= Termination factor =

Protein signal which causes the release of transcribed RNA at a stop codon

In molecular biology, a termination factor is a protein that mediates the termination of RNA transcription by recognizing a transcription terminator and causing the release of the newly made mRNA. This is part of the process that regulates the transcription of RNA to preserve gene expression integrity and are present in both eukaryotes and prokaryotes, although the process in bacteria is more widely understood. The most extensively studied and detailed transcriptional termination factor is the Rho (ρ) protein of E. coli.

== Prokaryotic ==
Prokaryotes use one type of RNA polymerase, transcribing mRNAs that code for more than one type of protein. Transcription, translation and mRNA degradation all happen simultaneously. Transcription termination is essential to define boundaries in transcriptional units, a function necessary to maintain the integrity of the strands and provide quality control. Termination in E. coli may be Rho dependent, utilizing Rho factor, or Rho independent, also known as intrinsic termination. Although most operons in DNA are Rho independent, Rho dependent termination is also essential to maintain correct transcription.

ρ factor
The Rho protein is an RNA translocase that recognizes a cytosine-rich region of the elongating mRNA, but the exact features of the recognized sequences and how the cleaving takes place remain unknown. Rho forms a ring-shaped hexamer and advances along the mRNA, hydrolyzing ATP toward RNA polymerase (5' to 3' with respect to the mRNA). When the Rho protein reaches the RNA polymerase complex, transcription is terminated by dissociation of the RNA polymerase from the DNA. The structure and activity of the Rho protein is similar to that of the F_{1} subunit of ATP synthase, supporting the theory that the two share an evolutionary link.

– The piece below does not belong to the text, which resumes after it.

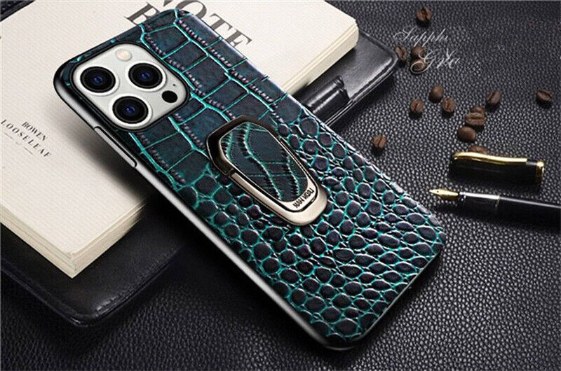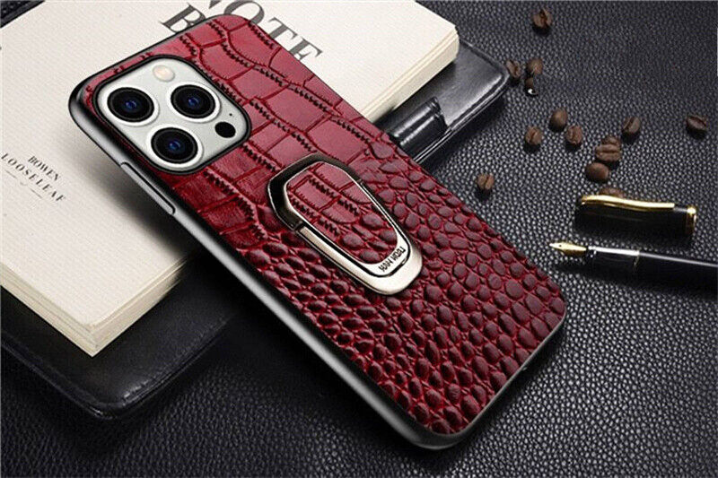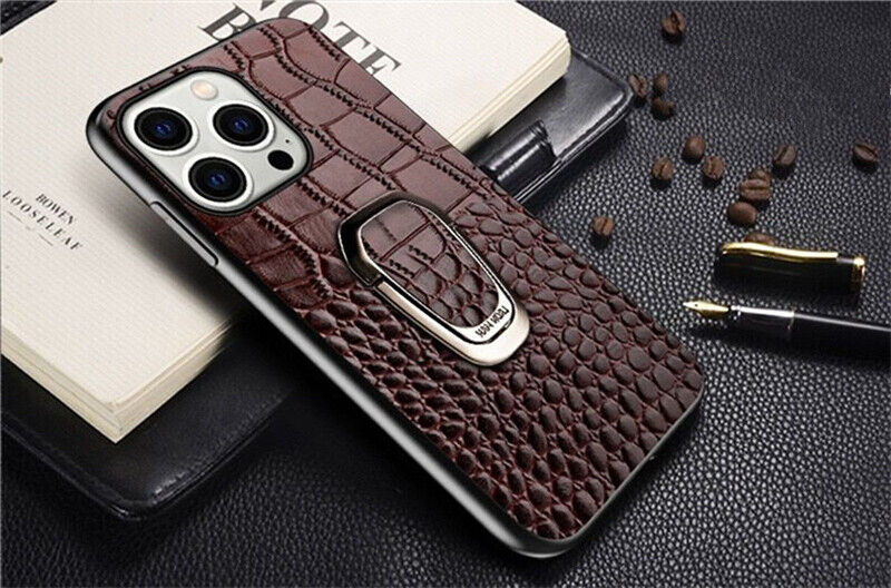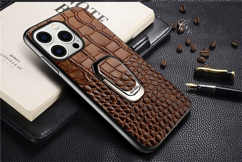 Genuine Leather Phone Case With Metal Ring Bracket For Apple iPhone 15 12 13 14 Pro Max 15Pro

Rho factor is widely present in different bacterial sequences and is responsible for the genetic polarity in E. coli. It works as a sensor of translational status, inhibiting non-productive transcriptions, suppressing antisense transcriptions and resolving conflicts that happen between transcription and replication. The process of termination by Rho factor is regulated by attenuation and antitermination mechanisms, competing with elongation factors for overlapping utilization sites (ruts and nuts), and depends on how fast Rho can move during the transcription to catch up with the RNA polymerase and activate the termination process.

Inhibition of Rho dependent termination by bicyclomycin is used to treat bacterial infections. The use of this mechanism along with other classes of antibiotics is being studied as a way to address antibiotic resistance, by suppressing the protective factors in RNA transcription while working in synergy with other inhibitors of gene expression such as tetracycline or rifampicin.

== Eukaryotic ==
The process of transcriptional termination is less understood in eukaryotes, which have extensive post-transcriptional RNA processing, and each of the three types of eukaryotic RNA polymerase have a different termination system.

In RNA polymerase I, Transcription termination factor, RNA polymerase I binds downstream of the pre-rRNA coding regions, causing the dissociation of the RNA polymerase from the template and the release of the new RNA strand.

In RNA polymerase II, the termination occurs via a polyadenylation/cleaving complex. The 3' tail on the ending of the strand is bound at the polyadenylation site, but the strand will continue to code. The newly synthesised ribonucleotides are removed one at a time by the cleavage factors CSTF and CPSF, in a process that is still not fully understood. The remainder of the strand is disengaged by a 5′-exonuclease when the transcription is finished.

RNA polymerase III terminates after a series of uracil polymerization residues in the transcribed mRNA. Unlike in bacteria and in polymerase I, the termination RNA hairpin needs to be upstream to allow for correct cleaving.